*Available data*:
======

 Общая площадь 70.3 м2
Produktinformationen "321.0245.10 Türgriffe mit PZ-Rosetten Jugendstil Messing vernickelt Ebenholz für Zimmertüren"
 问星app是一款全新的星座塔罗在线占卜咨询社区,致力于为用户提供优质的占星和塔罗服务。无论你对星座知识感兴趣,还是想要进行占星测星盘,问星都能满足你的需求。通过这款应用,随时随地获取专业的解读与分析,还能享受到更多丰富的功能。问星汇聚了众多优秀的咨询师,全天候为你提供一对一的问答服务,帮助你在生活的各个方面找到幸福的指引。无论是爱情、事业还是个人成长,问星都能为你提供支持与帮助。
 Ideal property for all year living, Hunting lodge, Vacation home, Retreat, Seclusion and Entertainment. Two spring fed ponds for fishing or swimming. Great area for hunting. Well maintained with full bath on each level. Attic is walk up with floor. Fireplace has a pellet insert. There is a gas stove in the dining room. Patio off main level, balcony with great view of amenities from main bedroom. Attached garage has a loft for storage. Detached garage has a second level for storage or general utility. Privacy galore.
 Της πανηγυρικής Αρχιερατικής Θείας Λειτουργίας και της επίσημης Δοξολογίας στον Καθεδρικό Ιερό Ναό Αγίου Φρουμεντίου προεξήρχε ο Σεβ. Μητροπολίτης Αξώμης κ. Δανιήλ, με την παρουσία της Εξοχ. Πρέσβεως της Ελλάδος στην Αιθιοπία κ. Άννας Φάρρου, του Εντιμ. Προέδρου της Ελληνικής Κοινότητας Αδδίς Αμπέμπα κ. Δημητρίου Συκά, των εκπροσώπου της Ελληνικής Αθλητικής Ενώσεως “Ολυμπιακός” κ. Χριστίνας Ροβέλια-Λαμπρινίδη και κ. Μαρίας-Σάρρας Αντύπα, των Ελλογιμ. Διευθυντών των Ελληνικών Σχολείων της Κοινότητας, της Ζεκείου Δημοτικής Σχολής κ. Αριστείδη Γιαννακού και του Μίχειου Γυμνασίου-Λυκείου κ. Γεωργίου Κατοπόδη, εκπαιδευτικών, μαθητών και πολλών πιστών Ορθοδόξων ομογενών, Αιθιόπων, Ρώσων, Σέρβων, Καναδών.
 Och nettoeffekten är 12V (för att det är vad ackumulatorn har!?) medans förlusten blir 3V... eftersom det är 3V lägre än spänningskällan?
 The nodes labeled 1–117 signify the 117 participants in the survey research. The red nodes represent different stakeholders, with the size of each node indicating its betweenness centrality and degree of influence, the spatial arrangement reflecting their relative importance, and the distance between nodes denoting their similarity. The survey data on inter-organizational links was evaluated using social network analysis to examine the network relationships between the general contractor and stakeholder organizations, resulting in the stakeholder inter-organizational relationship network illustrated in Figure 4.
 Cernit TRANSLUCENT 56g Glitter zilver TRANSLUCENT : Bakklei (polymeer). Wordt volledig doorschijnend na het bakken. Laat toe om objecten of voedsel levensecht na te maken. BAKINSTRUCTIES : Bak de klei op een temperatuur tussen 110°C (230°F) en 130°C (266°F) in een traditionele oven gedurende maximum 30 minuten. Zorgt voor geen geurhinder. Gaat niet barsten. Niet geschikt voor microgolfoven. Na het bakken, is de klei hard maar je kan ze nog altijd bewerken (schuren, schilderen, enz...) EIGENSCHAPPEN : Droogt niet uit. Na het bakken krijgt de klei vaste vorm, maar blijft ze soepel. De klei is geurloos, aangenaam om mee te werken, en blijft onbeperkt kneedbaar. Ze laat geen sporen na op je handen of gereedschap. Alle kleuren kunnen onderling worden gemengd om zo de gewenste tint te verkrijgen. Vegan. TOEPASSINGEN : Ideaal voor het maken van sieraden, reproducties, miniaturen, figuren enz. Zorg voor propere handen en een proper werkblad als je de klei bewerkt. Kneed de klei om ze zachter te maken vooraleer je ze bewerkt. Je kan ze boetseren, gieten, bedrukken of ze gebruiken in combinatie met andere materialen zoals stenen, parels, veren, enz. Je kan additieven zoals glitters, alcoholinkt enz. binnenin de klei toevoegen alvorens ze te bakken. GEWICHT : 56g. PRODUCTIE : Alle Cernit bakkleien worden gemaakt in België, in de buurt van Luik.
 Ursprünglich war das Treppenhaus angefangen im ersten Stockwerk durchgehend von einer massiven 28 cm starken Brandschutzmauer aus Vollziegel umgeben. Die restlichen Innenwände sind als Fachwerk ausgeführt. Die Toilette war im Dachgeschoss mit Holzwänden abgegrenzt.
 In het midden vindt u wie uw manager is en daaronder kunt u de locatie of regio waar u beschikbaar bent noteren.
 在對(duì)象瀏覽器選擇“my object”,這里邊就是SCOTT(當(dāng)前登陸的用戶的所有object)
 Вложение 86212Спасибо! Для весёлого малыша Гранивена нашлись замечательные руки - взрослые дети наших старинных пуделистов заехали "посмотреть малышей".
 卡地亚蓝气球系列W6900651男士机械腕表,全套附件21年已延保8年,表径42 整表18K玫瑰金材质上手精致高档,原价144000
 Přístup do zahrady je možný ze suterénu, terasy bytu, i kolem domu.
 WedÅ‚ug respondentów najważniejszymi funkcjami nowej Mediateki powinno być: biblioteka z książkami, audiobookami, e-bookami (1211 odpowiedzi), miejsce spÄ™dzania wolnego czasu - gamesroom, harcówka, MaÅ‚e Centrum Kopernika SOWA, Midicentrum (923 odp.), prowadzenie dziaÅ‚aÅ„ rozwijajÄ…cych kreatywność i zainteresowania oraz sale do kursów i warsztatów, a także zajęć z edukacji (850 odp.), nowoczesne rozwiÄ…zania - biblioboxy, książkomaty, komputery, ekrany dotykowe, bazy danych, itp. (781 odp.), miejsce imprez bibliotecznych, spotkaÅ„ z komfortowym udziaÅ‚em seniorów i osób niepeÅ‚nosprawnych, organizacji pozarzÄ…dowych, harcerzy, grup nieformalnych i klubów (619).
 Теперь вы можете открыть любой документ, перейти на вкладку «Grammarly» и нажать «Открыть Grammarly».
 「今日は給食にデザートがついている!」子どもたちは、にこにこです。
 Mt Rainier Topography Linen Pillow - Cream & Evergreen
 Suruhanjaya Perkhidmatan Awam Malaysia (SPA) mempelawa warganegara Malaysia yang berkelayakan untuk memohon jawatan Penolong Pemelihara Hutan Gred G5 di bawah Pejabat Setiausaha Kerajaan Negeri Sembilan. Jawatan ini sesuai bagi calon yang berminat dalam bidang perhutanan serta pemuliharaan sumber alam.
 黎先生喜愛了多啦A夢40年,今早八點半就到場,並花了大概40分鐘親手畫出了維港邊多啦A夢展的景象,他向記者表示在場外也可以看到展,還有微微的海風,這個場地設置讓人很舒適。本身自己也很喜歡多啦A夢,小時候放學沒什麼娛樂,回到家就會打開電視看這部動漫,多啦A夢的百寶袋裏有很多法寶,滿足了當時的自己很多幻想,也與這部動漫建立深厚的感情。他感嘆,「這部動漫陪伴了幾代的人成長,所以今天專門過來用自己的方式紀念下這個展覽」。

======

*Your goal*: Return exactly the lines from the beginning of the data above through the one containing "Türgriffe mit PZ-Rosetten", please. Include both end lines and add nothing else.

*Solution to this task*:
 Общая площадь 70.3 м2
Produktinformationen "321.0245.10 Türgriffe mit PZ-Rosetten Jugendstil Messing vernickelt Ebenholz für Zimmertüren"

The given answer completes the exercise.